Self-assembled pH-responsive films prepared from mussel anchoring threads

Abstract

The byssus is a series of collagen-rich fibers securing mussels to surfaces. The complex but elegant heterogeneous assembly of the various proteins in the threads is responsible for their remarkable mechanical properties combining strength and extensibility. Along with the well-known biocompatibility and biodegradability attributed to collagen-based materials, these mechanical properties are highly desirable to produce biomaterials for soft tissue engineering and drug delivery applications. In order to replicate the byssus natural features and properties, we prepared a soluble byssus protein hydrolyzate (BPH) that can generate water-insoluble self-standing films.

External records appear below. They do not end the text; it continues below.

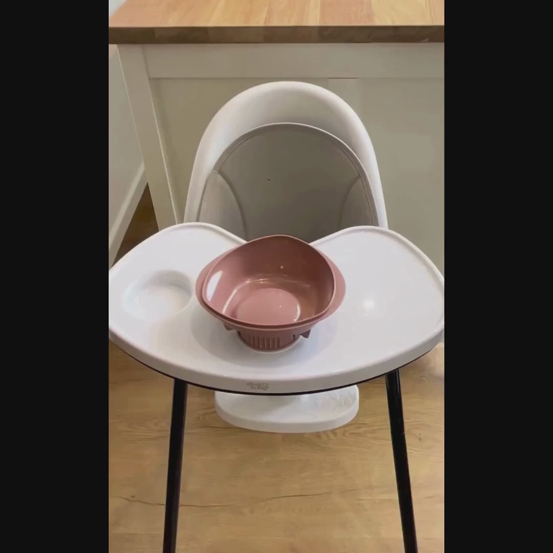 baby’s highchair tray**—flip the lock to secure it, and twist on the bowl.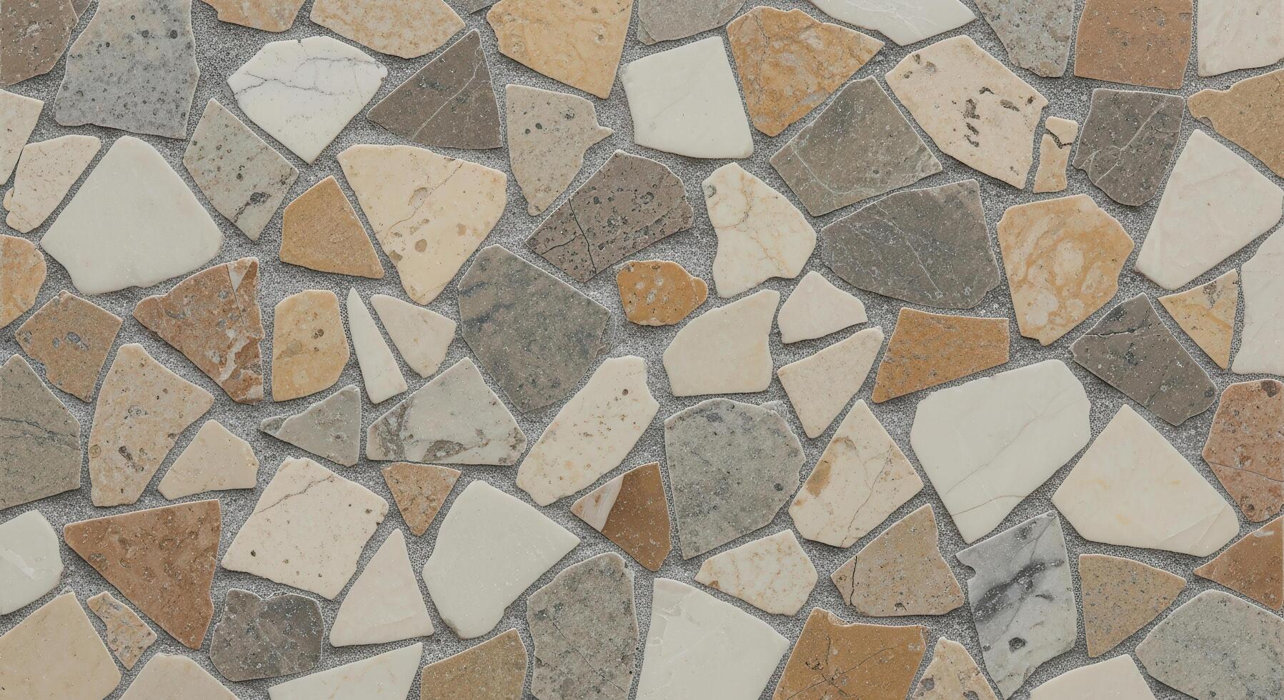 Abstract mosaic tile texture background, featuring a variety of irregular stone shapes and earthy tones, suitable for seamless surface design or pattern usage photo
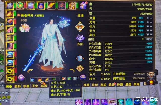 今天给大家介绍的,是一位43万评分的92卡级逍遥,先看面板:血量119万,蓝量7.3万,命中10万,闪避2.8万,会心攻击2110,会心防御470。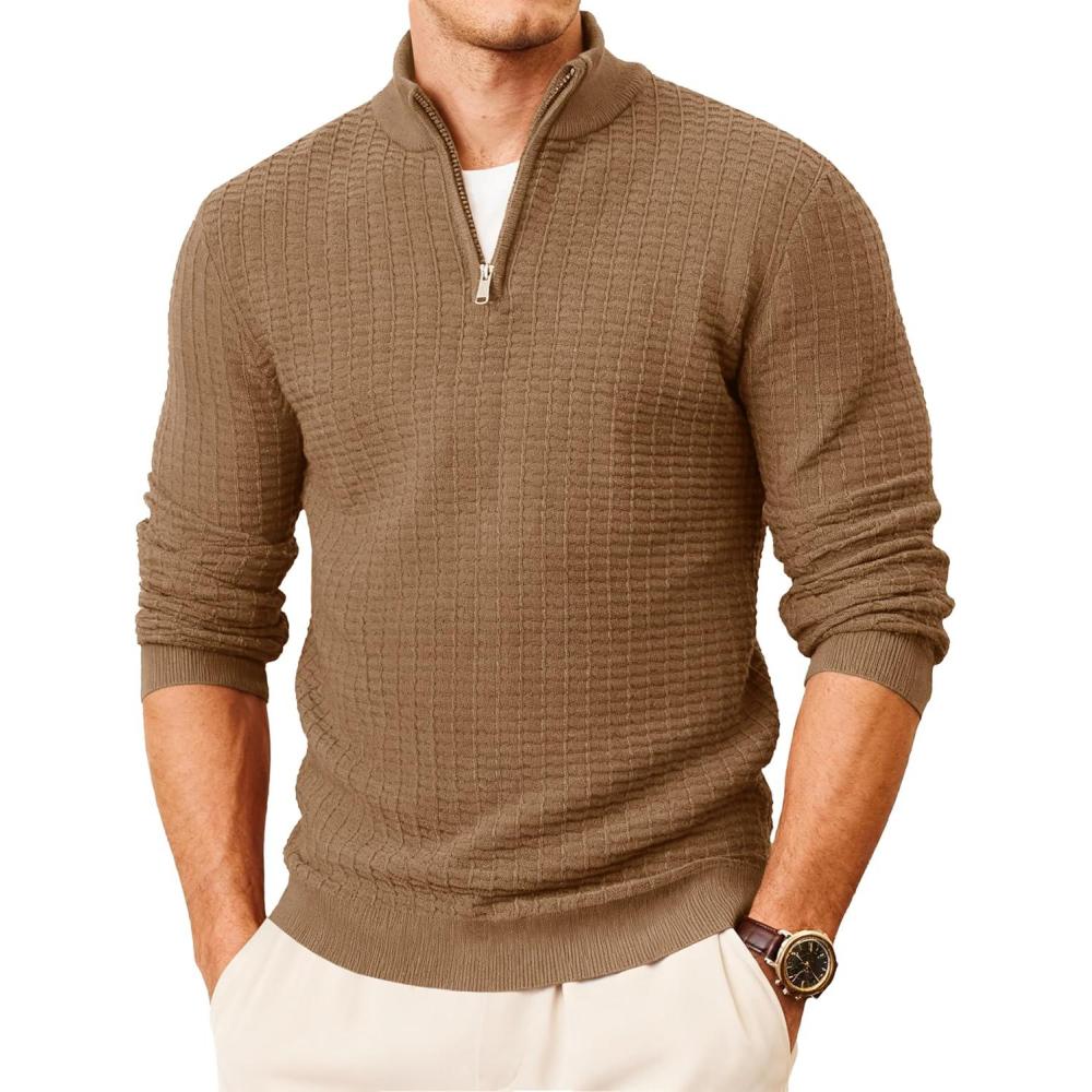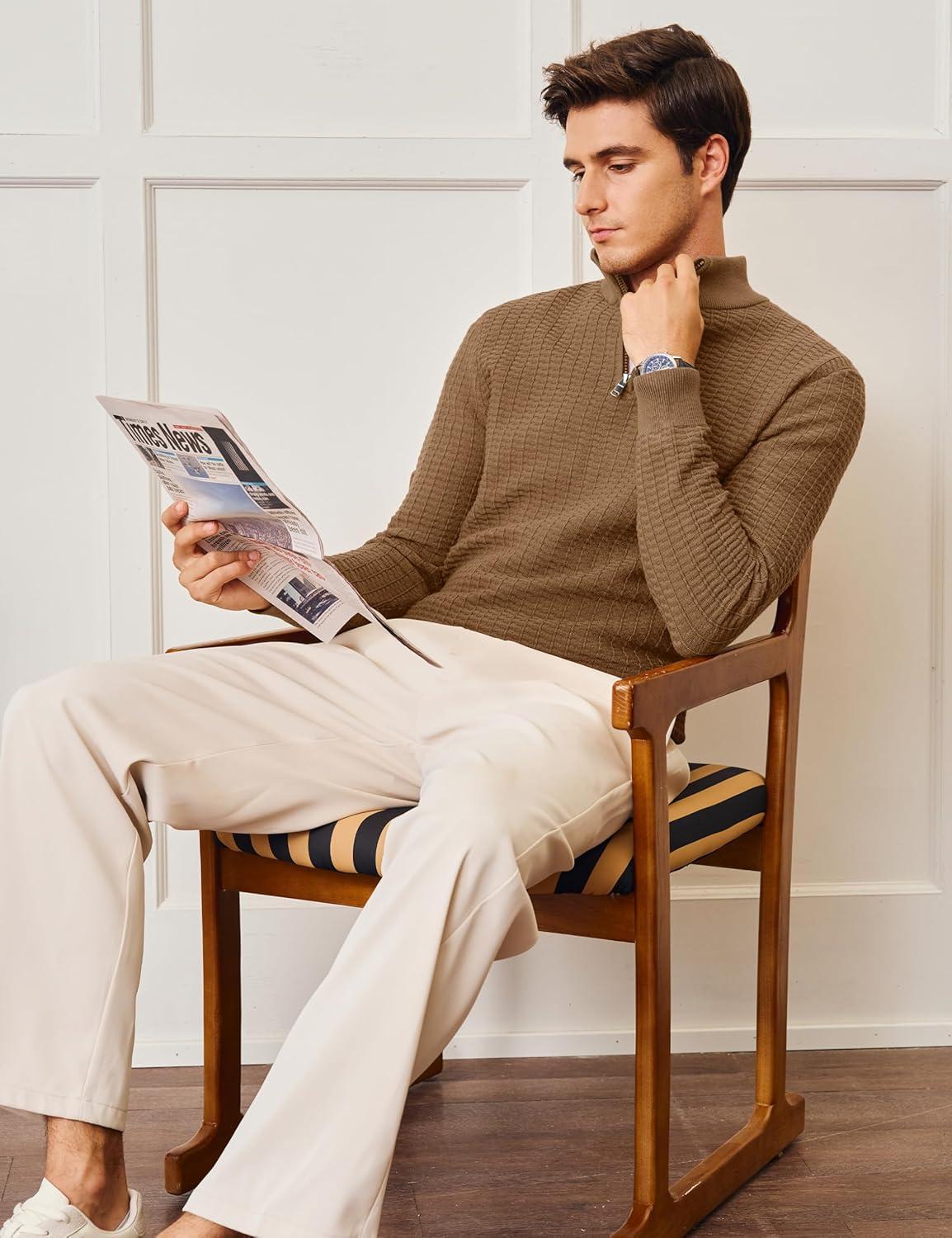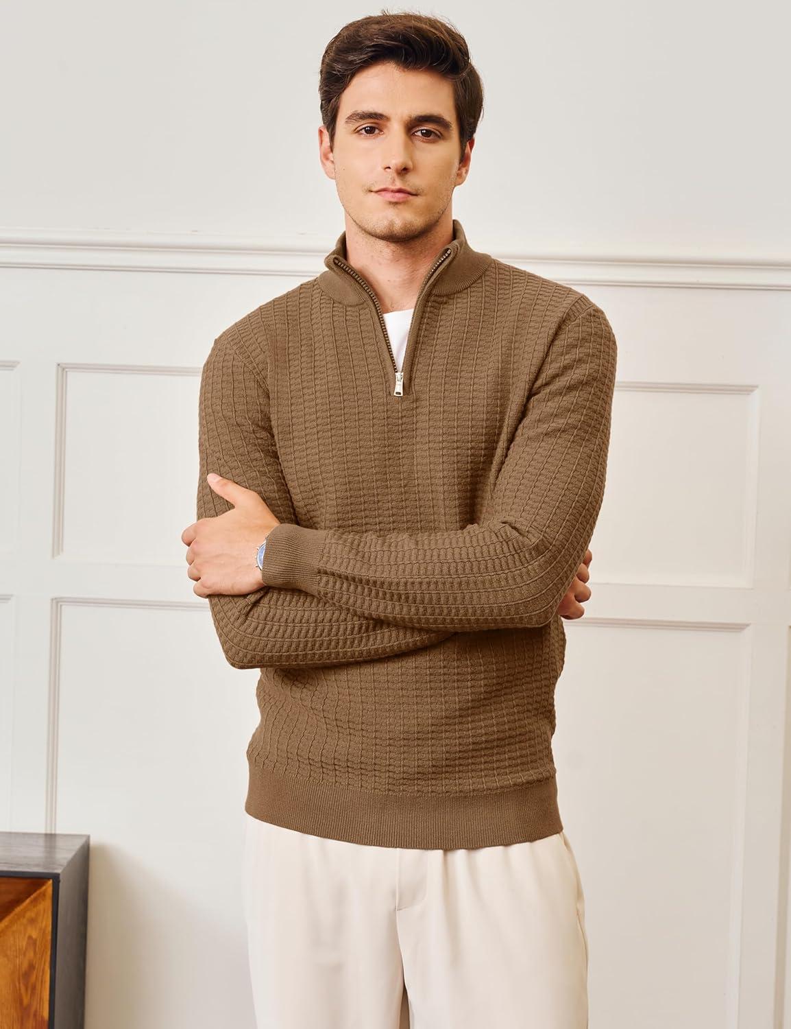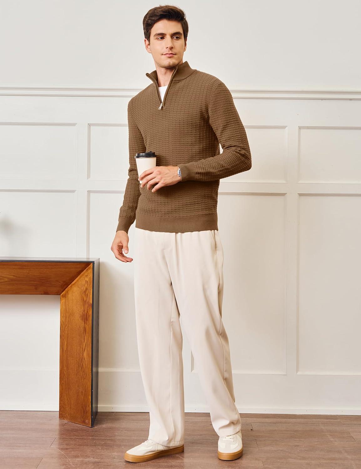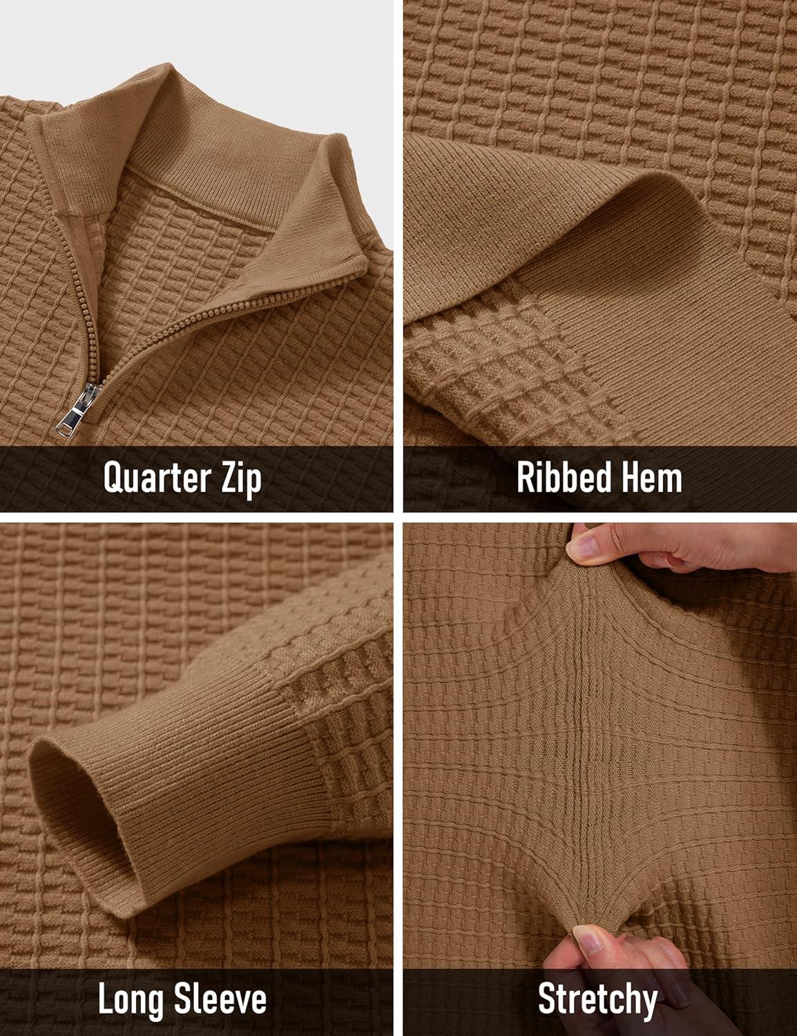 MAGCOMSEN Men’s Sweaters 1/4 Zip Knit Waffle Textured Pullover for Fall Winter Warm Soft Sweater(Coffee)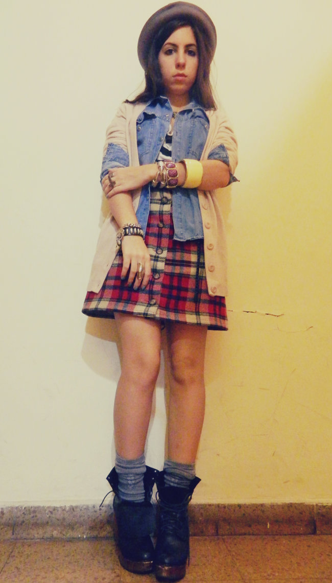 H&M hat, Forever 21 cardigan, Vintage denim shirt, United Colors of Benetton skirt, H&M striped shirt, no brand shoes or accessories.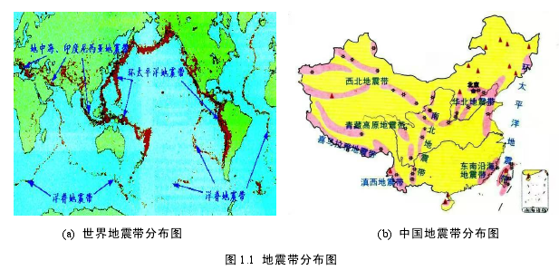 在众多的自然灾害中,地震是一种频发且破坏性强的自然灾害,是因地球内部结构发生运动而产生[1]。地震本身发生频率高且难以预测,一般分为构造地震:因地底的岩层相互错动或断裂产生,分布广泛,危害也最大;火山地震:该地震受地域限制仅在火山活动活跃区域发生,范围较小;陷落地震:因地面塌陷而导致局部的地震发生;诱发地震:人为因素诱发地震。地震集中发生频率较高的地方一般位于大陆板块的交界位置或板块内部断裂的地方,这些地带也被称作地震带,如图 1.1 所示。地球上的两个主要地震带是地中海、环太平洋地震带,两个地震带释放的能量,约占全球所有地震释放能量的 98%[2]。中国就位于这两个地震带的中间,导致我国所遭受到的地震强度和频度都居世界首位。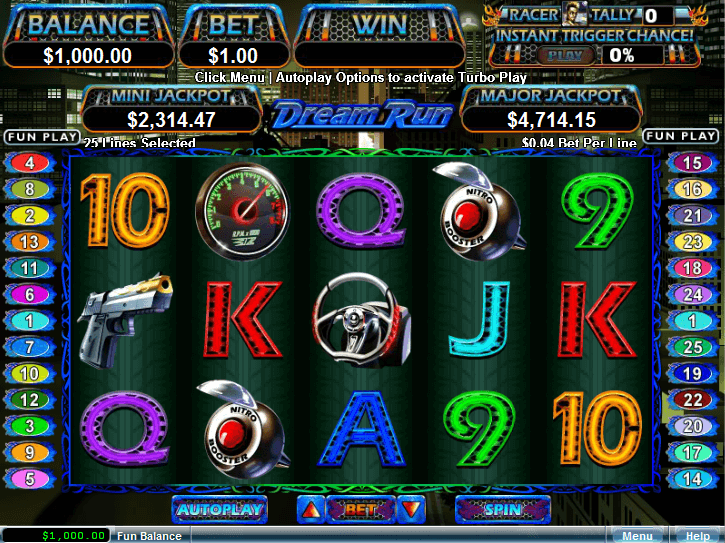 Dream Run slot has 5 reels as well as 25 paylines progressive slot machine, launched in 2013. Clearly, casino game should be marked as well-established.

Atomic force and scanning electron microscopy revealed the presence of self-assembled collagen-like fibrils at the surface of the films. Infrared spectroscopy analysis of the film formation showed that insolubility is caused by the self-assembly of polypeptides from the hydrolyzate into antiparallel β-sheets, aggregated β-strands and collagen triple-helix structures. The mechanical properties and water swelling measurements on the films can be reversibly pH-modulated by modifying the electrostatic interactions between the ∼30 mol% of charged amino acids. Optimal mechanical properties and minimum swelling are obtained at the isoelectric point (pH 4.5). Higher or lower pH treatment reversibly decreases their stiffness and strength and increases their swelling ratio. Altogether, our results show that byssus proteins are an interesting sustainable feedstock for preparing new solid-state pH-tuneable biomaterials.